史邦:京都所司代与力<ふみくに>。京都蕉門の門人。Who'sWho参照
佞者のにくみたるべく候:<ねいじゃ>と読む。史邦が出版や三つ物のことで人々の話題になったので、それを妬んだ者の仕業で史邦が辞職に追い込まれたのではないか?
版木・三つ物:出版や歳旦帳の三つ物。
句空:Who'sWho参照。
「雉子ほろろ」感心申し候:去来の作の「雉子ほろろ」はよい。
愚案この節、巻きてふところにすべし:「愚案」は「軽み」のこと。この説を、理解してもらえるとも思えないので公開しない、の意。

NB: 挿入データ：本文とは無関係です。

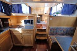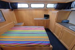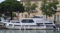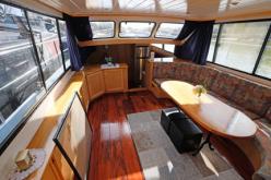 Constructeur : Hollandais Description : Entrée bâbord par terrasse arrière, poste de pilotage abrité par taud neuf de 2019. Vaste salon avec carré banquette semi circulaire + table, au-dessus salle des machines. De nombreux rangements profonds sous plats-bords et sous banquette. Vers l'avant en contrebas sur bâbord carré table convertible en lit et sur tribord cuisine en L équipée : grand frigo avec congélateur 220 V, évier, 3 feux gaz, four électrique, micro-ondes. Chambre dans la pointe avant avec lit podium sur bâbord, rangements sous podium + assise. Trappe d'accès bail à chaîne. Trappe d'accès cuisine à cale avant pour rangements, accès propulseur d'étrave et machine à laver et à sécher le linge. Dans salon, trappe sur vérins avec allumage automatique pour descente escalier salle des machines. Vers l'arrière, coursive centrale distribuant sur tribord chambre avec lits superposés, sur bâbord wc lavabo et rangements puis porte d'accès chambre propriétaire pleine largeur avec lit à la Française, grande penderie, armoires, lavabo et accès douche, rideaux et moustiquaires à chaque fenêtre. Boiseries chêne clair donnant beaucoup de luminosité, parquets massifs sur CP marin. Fenêtres et hublots sur profils aluminium. Isolation laine de roche jusqu'au pont le plus bas de la coque, isolation refaite 2019 entourage fenêtres du carré, très bonne isolation phonique des planchers salle des machines. Très bon état intérieur, aspect neuf et très bonne état des peintures extérieures. Caracteristiques : Construit en Hollande au chantier de Mépel en 2001 et amélioré par son propriétaire actuel, avec 32.800 € de travaux 2019 (isolation, électricité, injecteurs et pompe moteur, taud, chauffage air pulsé). Immatriculation fluviale Française et permis de navigation, catégorie de conception C pour 8 personnes. Vendu avec armement complet et VHF, projecteur, feux de route, antenne TV, échelle inox d'accès plateforme de bains, bossoirs inox, passerelle de débarquement inox, gilets, extincteurs. Vignette fluviale VNF 520€/an, assurance 720€/an, COT 60 : 520 €/an, le bateau n'est pas surévalué par son emplacement. Nombreuses photos sur demande (lien contactez nous au bas de cette page) VENDU L'avis de PENICHES BATEAUX LOGEMENTS : Aménagements professionnels de grande qualité donnant à ce bateau une très bonne impression et sentiment de robustesse. Excellent état d'entretien et de présentation. Solutions techniques retenues simples et fiables. Grande largeur de 4,60 m donnant une excellente habitabilité pour cette longueur. Mieux qu'un bateau neuf, un bateau rôdé prêt à partir. Idéal pour songer à habiter à l'année et/ou naviguer facilement. |
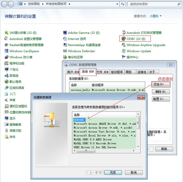 3、按照提示完成驱动安装之后,在“控制面板”->“ODBC”中,选择"系统DSN"属性页 ,点击右侧的"添加"按钮,弹出“创建新数据源”弹窗:

荷担の者少々一統致すべく:芭蕉の推奨する「軽み」に賛同して、「一統」集まってくる人もないではないかもしれないが、の意。しかし、それでは既存の門人達に迷惑のかかることだから、知らん振りをしている、というのである。
盤子:各務支考のこと。支考はこのとき奥州に旅をしていた。
例のむつかし:偉い人に会うのを苦手とする癖のこと。芭蕉は、名利にこだわらなかったので、高貴な人に会うことを好まなかった。
また上り申すべくと存じ候:上方に、元禄5年暮れには上りたかった、というのである。しかし、彼は元禄7年まで江戸を動かなかった。
愚庵気を詰め候こと成りがたく候:芭蕉庵に一緒に住むなど窮屈でできっこない、の意。それゆえ、支考は奥州に旅に出ているというのである。